_ASSIGNED TASK_. Reprint the lines below as they are, minus the pictures.
*** INFORMATION PROVIDED ***
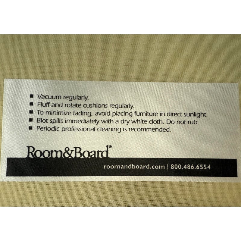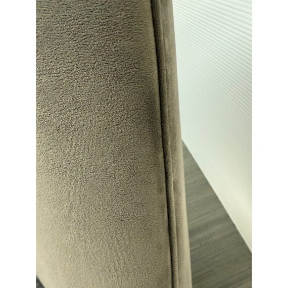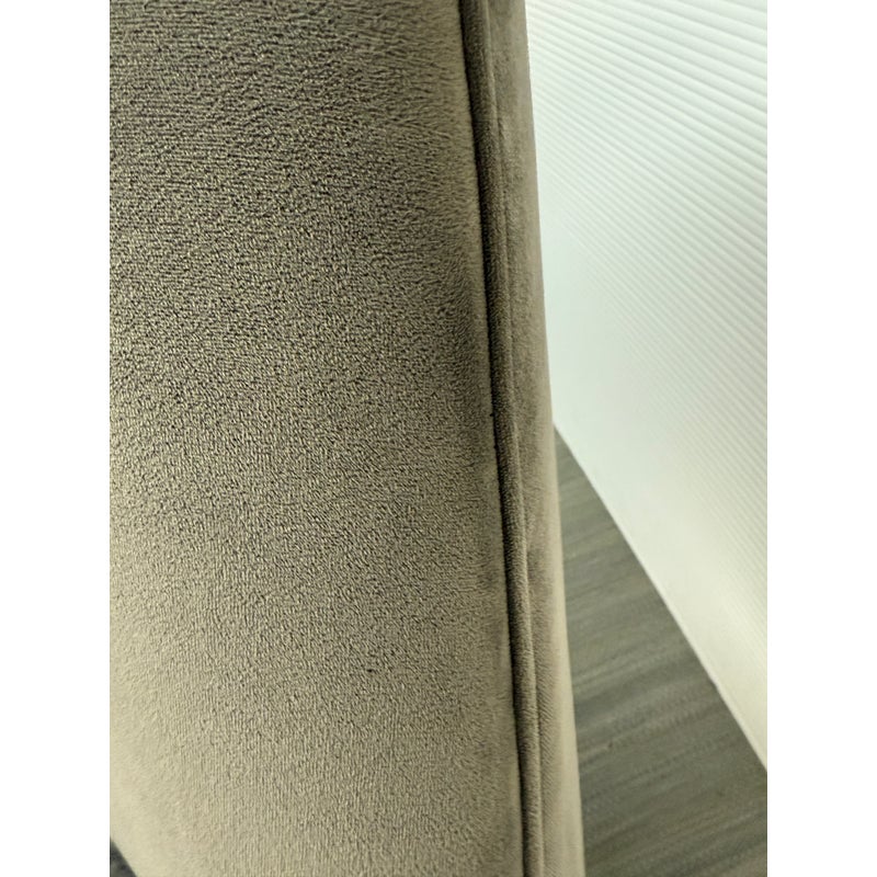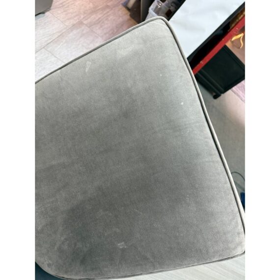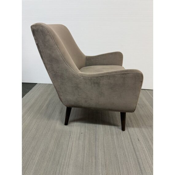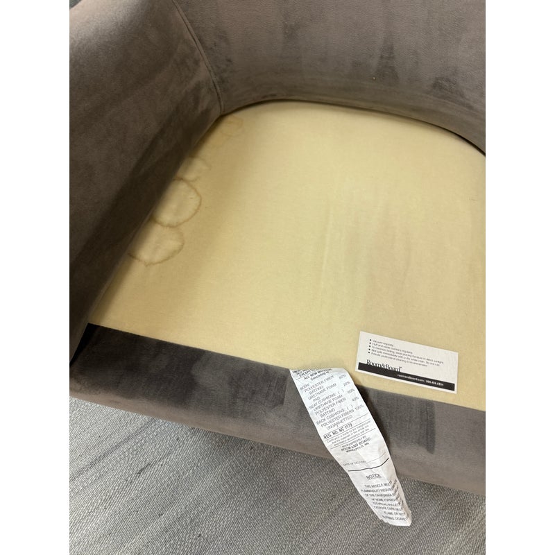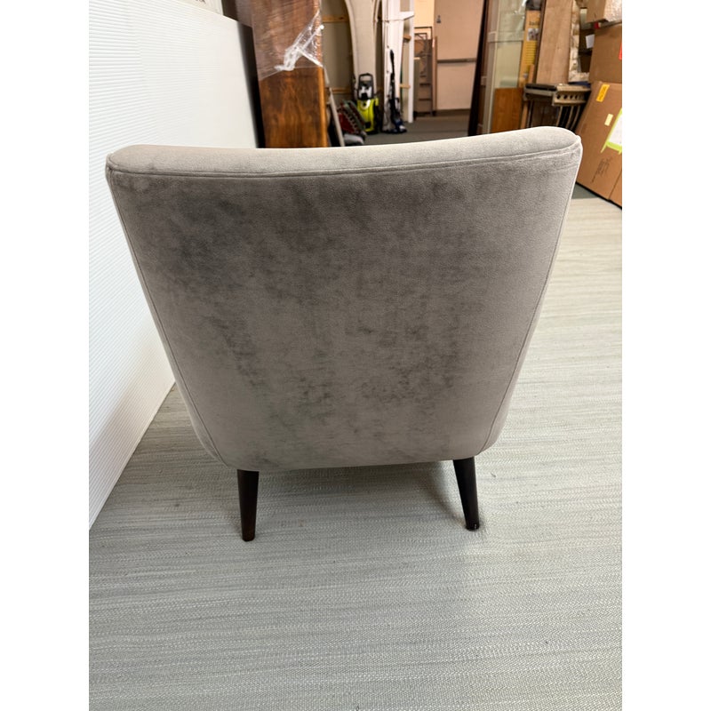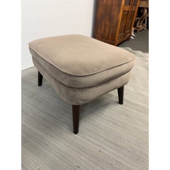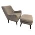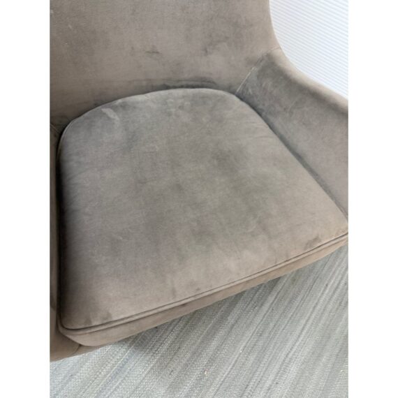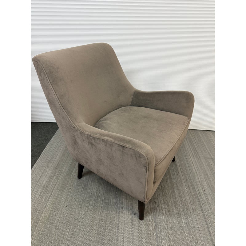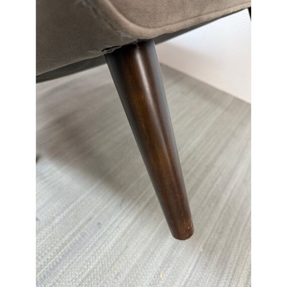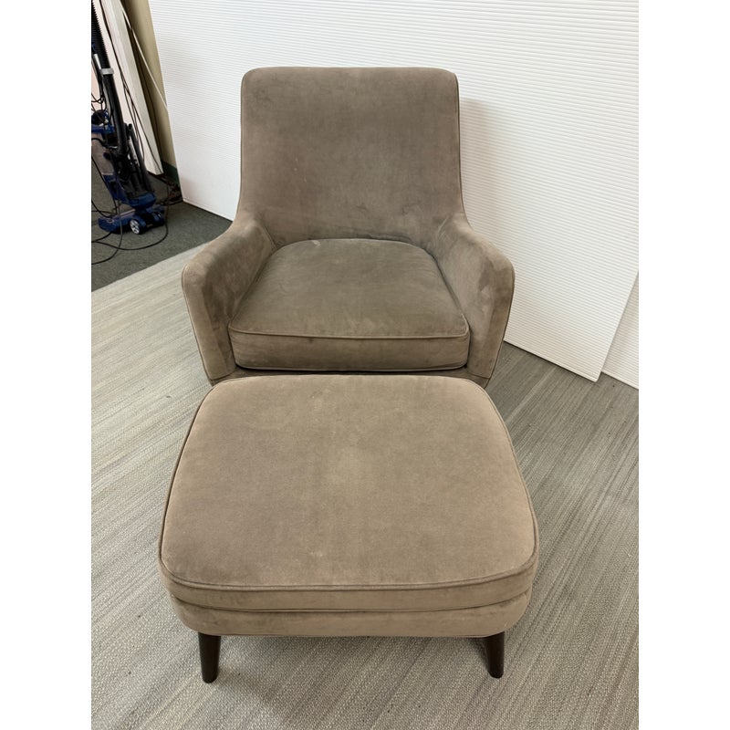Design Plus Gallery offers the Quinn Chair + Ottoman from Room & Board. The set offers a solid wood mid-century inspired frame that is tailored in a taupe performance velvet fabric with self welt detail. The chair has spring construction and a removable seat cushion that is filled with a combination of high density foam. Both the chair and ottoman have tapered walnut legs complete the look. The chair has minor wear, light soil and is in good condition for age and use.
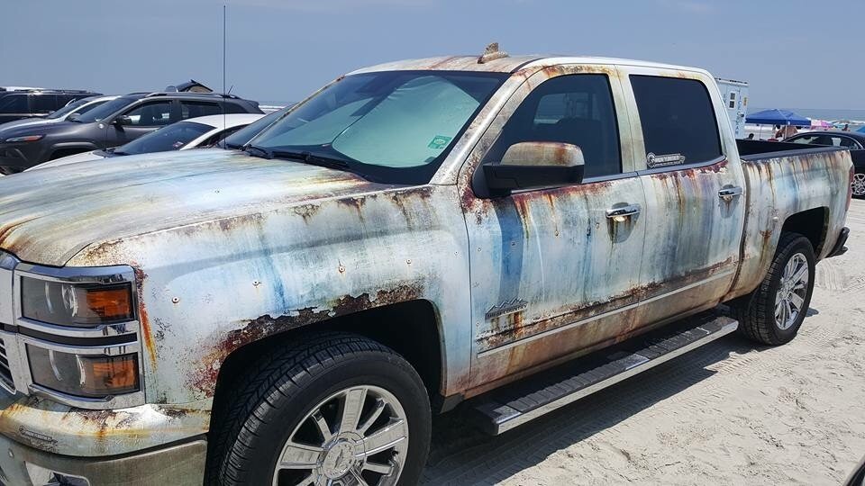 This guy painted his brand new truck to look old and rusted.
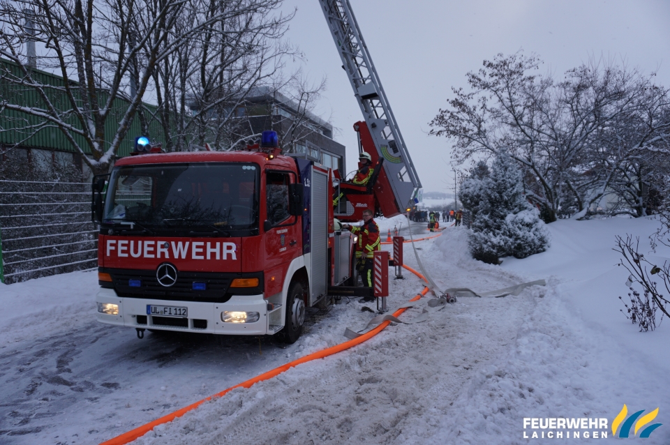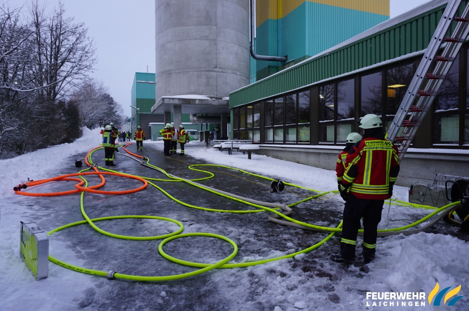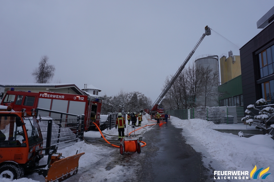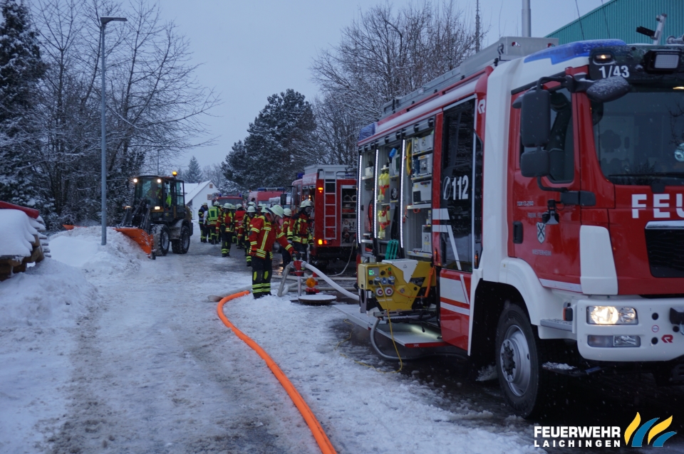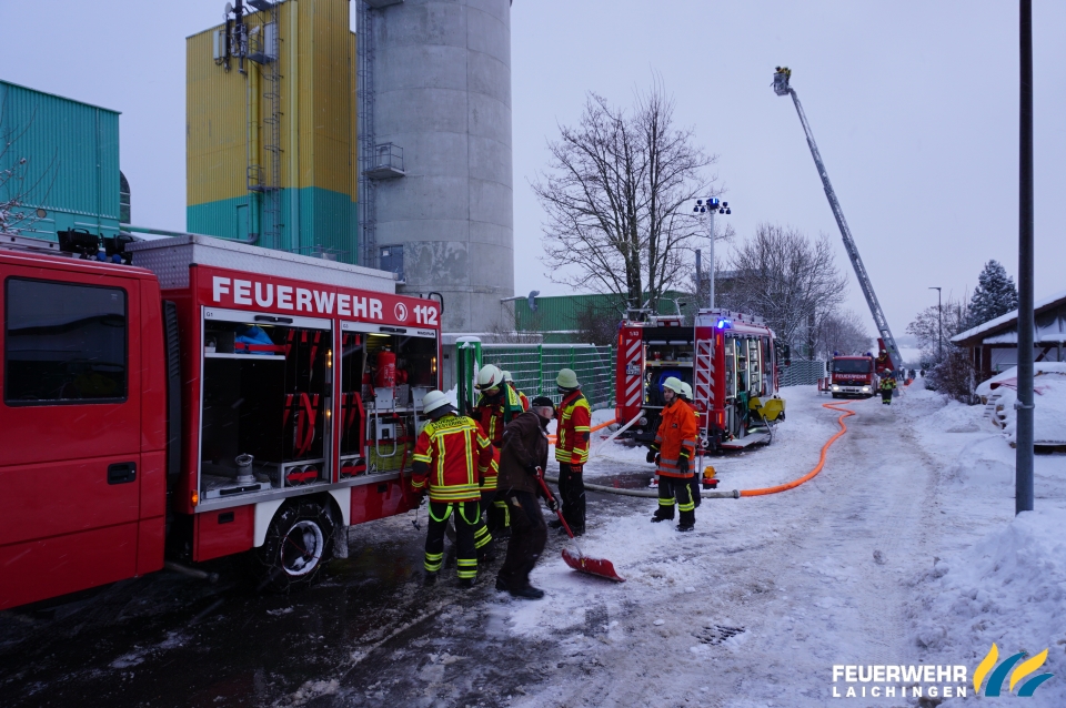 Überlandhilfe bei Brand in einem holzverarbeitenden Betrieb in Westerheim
*** End of INFORMATION PROVIDED ***
_RESPONSE BOX_.
Design Plus Gallery offers the Quinn Chair + Ottoman from Room & Board. The set offers a solid wood mid-century inspired frame that is tailored in a taupe performance velvet fabric with self welt detail. The chair has spring construction and a removable seat cushion that is filled with a combination of high density foam. Both the chair and ottoman have tapered walnut legs complete the look. The chair has minor wear, light soil and is in good condition for age and use.
 This guy painted his brand new truck to look old and rusted.
 Überlandhilfe bei Brand in einem holzverarbeitenden Betrieb in Westerheim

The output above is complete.